On Saturday, August 10, 2024, Royal Skousen and Stanford Carmack spoke at a celebration for the completion of the Book of Mormon Critical Text Project. An audio recording and the slides used for those talks are available below.
Royal Skousen’s presentation was entitled “The Innovative and Revolutionary Book of Mormon Critical Text Project.”
Stanford Carmack’s presentation was entitled “The Archaic Language of the Original Book of Mormon.” His slides are pages 85 through 144 of the slides below.

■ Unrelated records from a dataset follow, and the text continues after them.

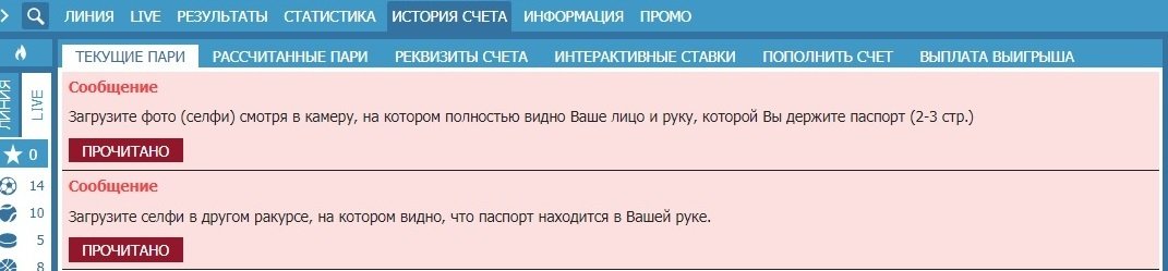 Здравствуйте, нет,, конторе всё было предоставлено, несколько раз и в разных вариантах. С неделю назад они закрыли не только вывод, но и возможность ставить. Потом их наглый биоробот придумал, что ему нужно селфи с номером телефона, текущей датой и словом "Бетсити", я отправил это, он тянул время, пока не наступил следующий день, потом он снова рисует ошибку верификации и запрашивает то же самое. Я опять отправляю, он опять отклоняет, я спрашиваю в поддержке, которую нужно ждать несколько часов каждый раз, в чем дело, говорят, что теперь это селфи нужно загрузить в форму для разворота паспорта с регистрацией. Я загружаю, проверка длится 4 дня, хотя, как они говорят, максимум 24 часа, спрашиваю, в чем дело, просят опять селфи с актуальной датой, отправил, просят паспорт и лист с датой в разных руках, отправил. После чего счет заблокирован без всяких оснований и объяснений. В общем, какой-то канцелярий, нанятый выполнять самые примитивные обязанности, творит что ему вздумается, пользуясь безнаказанностью. Сейчас уже 4 часа жду ответа поддержки по этому поводу. Прошу снять ограничения и прекратить эти издевки.
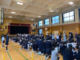 今朝の児童集会は、「福島小学校クイズ」でした。学校に関するクイズを集会委員会の子達が考えてくれました。「福島小学校は今年で創立何年目?」や「教室の数は?」など、難しい問題もありましたが、楽しんでクイズに答えていました。
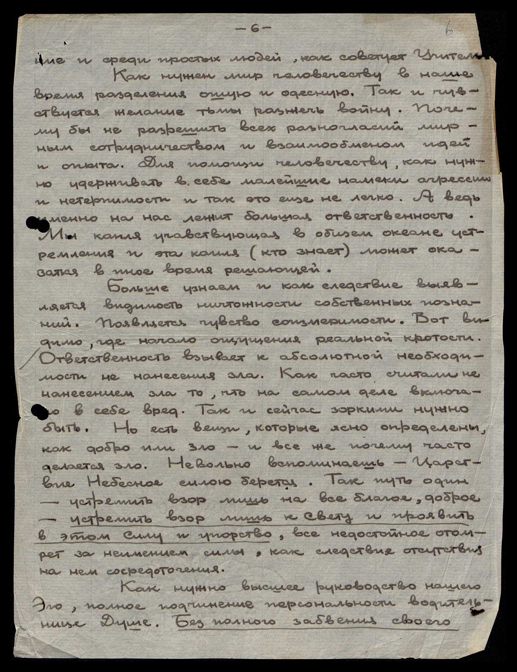 Да, забыть свое я; лишь общее благо всегда иметь в виду; раствориться в правильном труде на помощь Иерархии в проведении [одно слово нечитаемо] Плана. Для этого не нужно перемен мест, условий. (Конечно это не значит, что не нужно переездов и т.п., но они д[олжны] б[ыть] естественны, как результат труда добротворчества, а не как результат подсознательного чувства недовольства якобы неподходящими условиями, страха за существование и т.п.) Наши условия, в которые нас ставит жизнь нам самые подходящие. Прав Николай Константинович, он писал нам: кто знает, где вы будете нужнее.
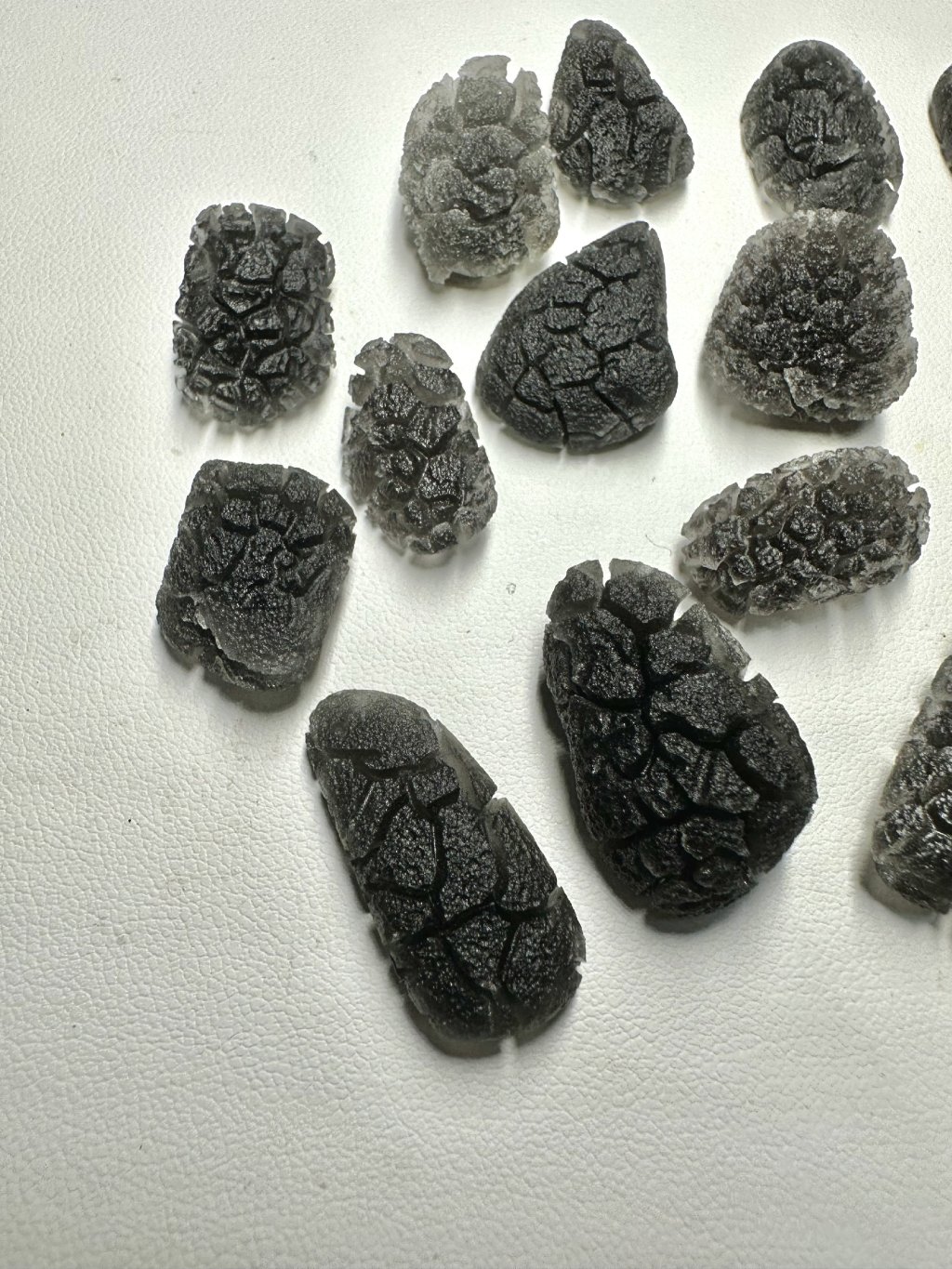 Dieser kürzlich entdeckte Obsidian-Typ gehört zu den schönsten Obsidiangesteinen der Welt. Er unterscheidet sich von anderen Obsidianarten durch seine ausgeprägt tiefe Struktur, die an südböhmische Moldavite erinnert (insbesondere an die Besednice Jezkovna). Seine Skulptur entstand durch schnelles Abkühlen, Aufreißen der Oberfläche und anschließende langsame Einwirkung von Bodensäuren an der jeweiligen Fundstelle – ähnlich wie bei Moldaviten. Die genaue Fundstelle wird derzeit aus Schutzgründen geheim gehalten, um Raubgrabungen und mögliche Zerstörungen der Landschaft zu verhindern. Wir glauben, dass das weltweite Interesse an diesem seltenen und ästhetisch ansprechenden Obsidian rapide zunehmen wird, sobald die genaue Lokalität offengelegt und wissenschaftlich untersucht wird – insbesondere aufgrund seines hohen Potenzials für die Verwendung in der Schmuckindustrie.
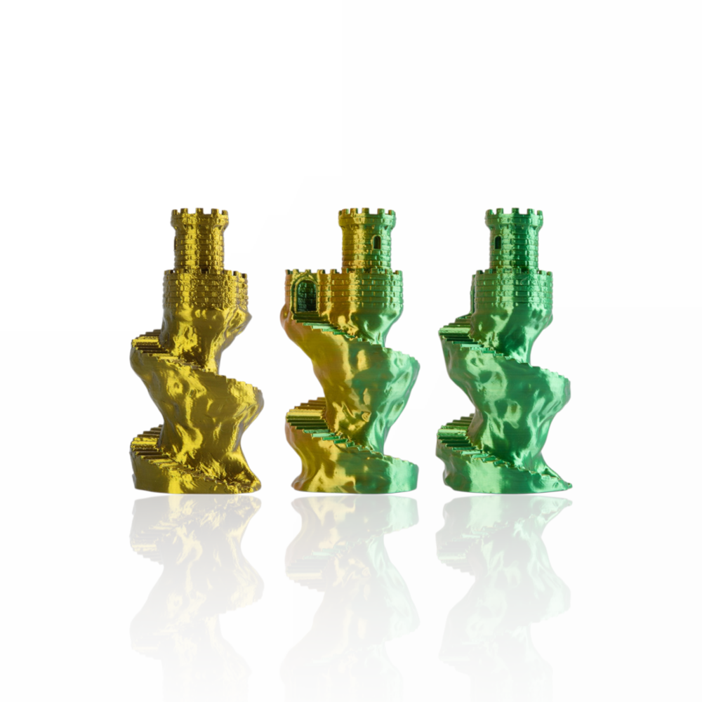 Magic SILK PLA é perfeito para aplicações como arte decorativa, design de interiores, projetos educacionais e prototipagem, onde a estética é tão importante quanto a funcionalidade. Aproveita este filamento para dar um toque de magia e cor aos teus projetos!
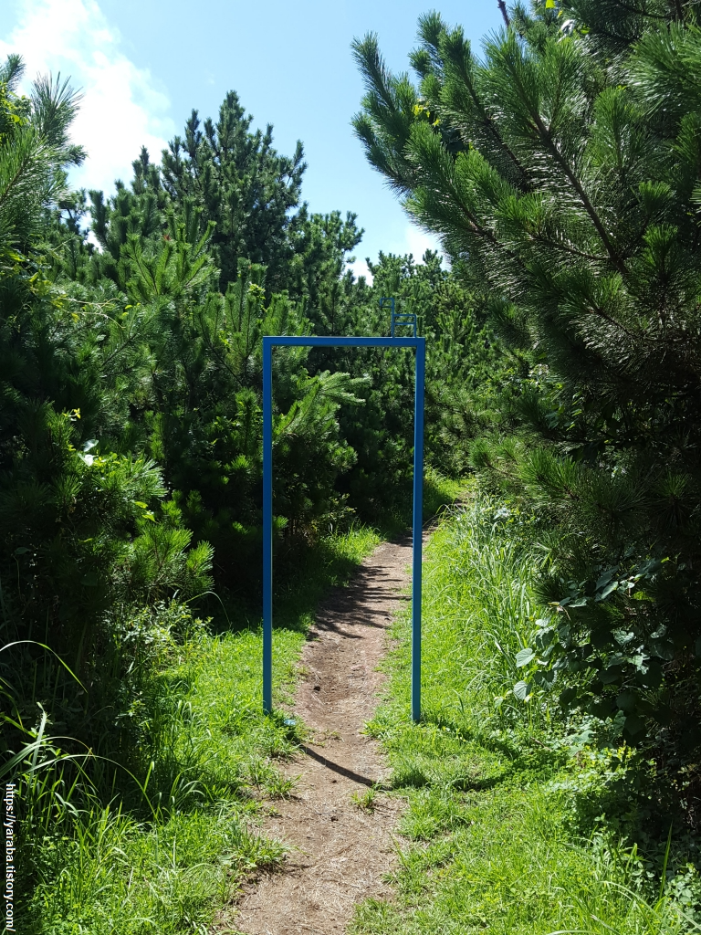 잘 가꾸어진 언덕 능선을 통하여 길을 이어간다. 올레길의 상징인 간세가 문 처럼 통과하는 형태는 처음이다.

Note that we have not made this recording or these slides available for downloading or printing due to copyright issues. Please refrain from attempting to bypass these restrictions.
wonderful wonderful!
a typo on slide 77-
1 Thessalonians 3:22 does NOT exist. It should be 1 Thess. 3:12
a typo on slide 79–
1 Thessalonians 3:22 does NOT exist. It should be 1 Thess. 3:12
Very nice presentation by Royal.
At I Ne 8:31, slides 62-64, O has “specious,” while P has “spacious” — referring to that great building, representing variously the pride of the world, the vain imaginations and pride of men, and the world and wisdom thereof (I Ne 12:18). Thus, it might be worth pointing out that specious can mean “misleading in appearance, especially misleadingly attractive.” Might that even be the correct reading? Indeed, in Scripture Central’s KnoWhy #546, the abstract online has the phrase at the end “the great and specious building” (https://www.youtube.com/watch?v=0tQnwiMDEKk ).
Moreover, Lord Edward Coke (1552-1634) referred to the magnificent London Charterhouse as “the spacious and specious House .” He went on to refer to it as “tanquam Orbis in Urbe [‘as a world within a world’].” Selected Writings of Sir Edward Coke, vol. I, https://oll.libertyfund.org/titles/shepherd-selected-writings-of-sir-edward-coke-vol-i#Coke_0462-01_845 .
That is not dealt with in ATV1. I haven’t seen ATV2 or ATV3.
Awesome. Thank you for making this availble.
It was wonderful. I thoroughly enjoyed it. Brilliant linguistic research by both! I left Blanding 6 a.m. for Provo, listened to Royal Skousen and Stanford Carmack’s presentations on critical text project, and drove back by dark. The 10-hour round-trip drive was well worth it. It is an additional independent witness (among many others) that the Book of Mormon came from Above and could not have been of earthly invention.
Are you the Brian Stubbs who’s been doing the linguistic research? If I had known you were going to be there, I would have tracked you down. I’ve been wanting to get in contact with you about your research and about some ideas that have been brewing in my mind about language and Egyptian writing.
It was a wonderful presentation. I would have liked more time to mingle afterwards, and I’m curious to find out more about Royal’s theory about textual criticism: the differences between copyists and editors.